Organizations need to support and pay attention to informal as well as formal mentoring within their organization. Both are important and critical to employee growth and development.
How do you differentiate the two?
Formal mentoring is commonly associated with the words organized, proscribed, structured, facilitated and supported. While these words describe many mentoring programs, the term itself actually refers to mentoring that is conducted under the umbrella of an organizational entity. Program parameters are defined and include structural and accountability mechanisms. There are programmatic and relationship expectations, requirements for eligibility and program goals and outcomes that give mentoring its formal feel.

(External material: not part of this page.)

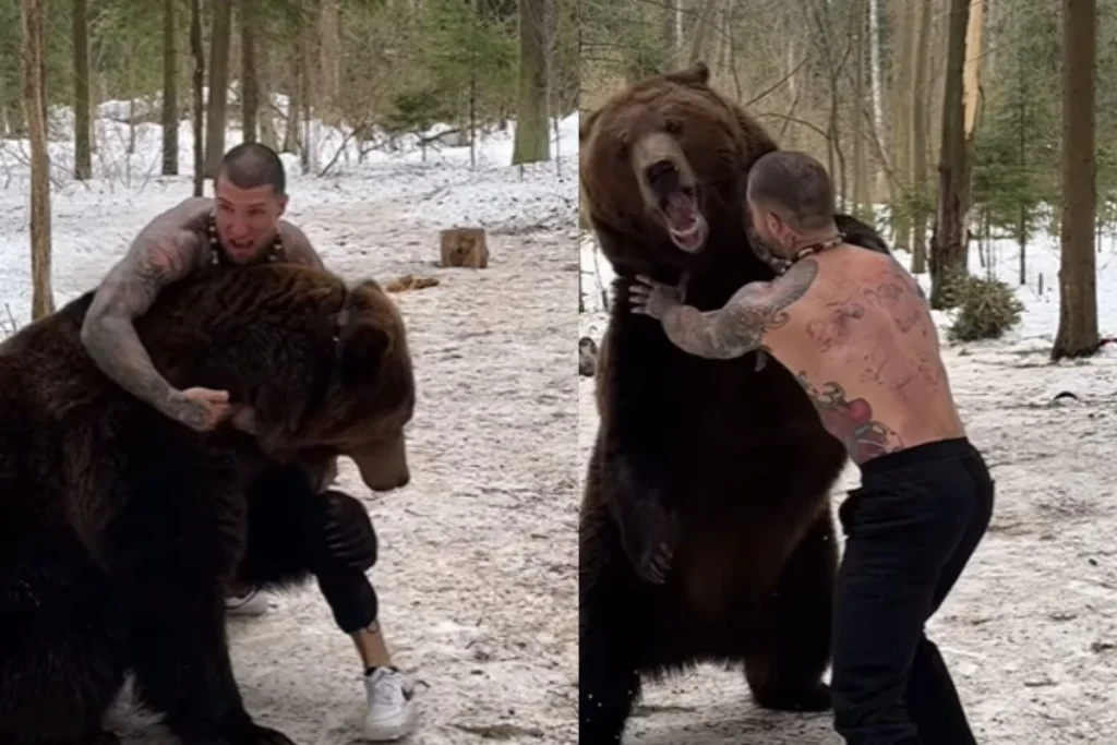 इस वीडियो में आप देखेंगे कि एक शख्स काले मोटे भालू के ऊपर चढ़ा हुआ नजर आ रहा है। भालू के साथ उसकी सवारी देखने के बाद यूजर्स की बोलती बंद हो जाती है। आपकी आंखें फटी की फटी रह जाएगी जब आप यह कि की भालू से उतरने के बाद शख्स उस खूंखार जानवर के साथ भिड़ जाता है। इसे देख आपके पैरों तले जमीन खिसक जाएगी। इस तरह के वीडियो सोशल मीडिया पर अक्सर वायरल होते रहते हैं और देखने के बाद लोगों की रूप कांप जाती है। इस वीडियो को देख ऐसा लग रहा है यह भारत का नहीं है।

Informal mentoring, in contrast, is usually described as unstructured, casual, need-based, and natural. For example, you may have identified someone in whom you see great promise and who could benefit your experience or someone may have approached you and asked you to mentoring them. Informal mentoring relationships can, and often do, run the gamut from casual catch-as-catch-can conversations or situational and information sharing to structured and “formalized” relationships. Each relationship proceeds at its own pace and on its own timetable.
Even in formal mentoring, each relationship structure varies depending on the learning needs and style of the mentoring partners. Once you are inside and working the relationship, it becomes a dance of two or more people coming together in partnership to move learning and development forward. As Huang and Lynch so beautifully capture it, “It is the dance between [] willing and consenting partners, a dance of giving and receiving each other’s gifts.”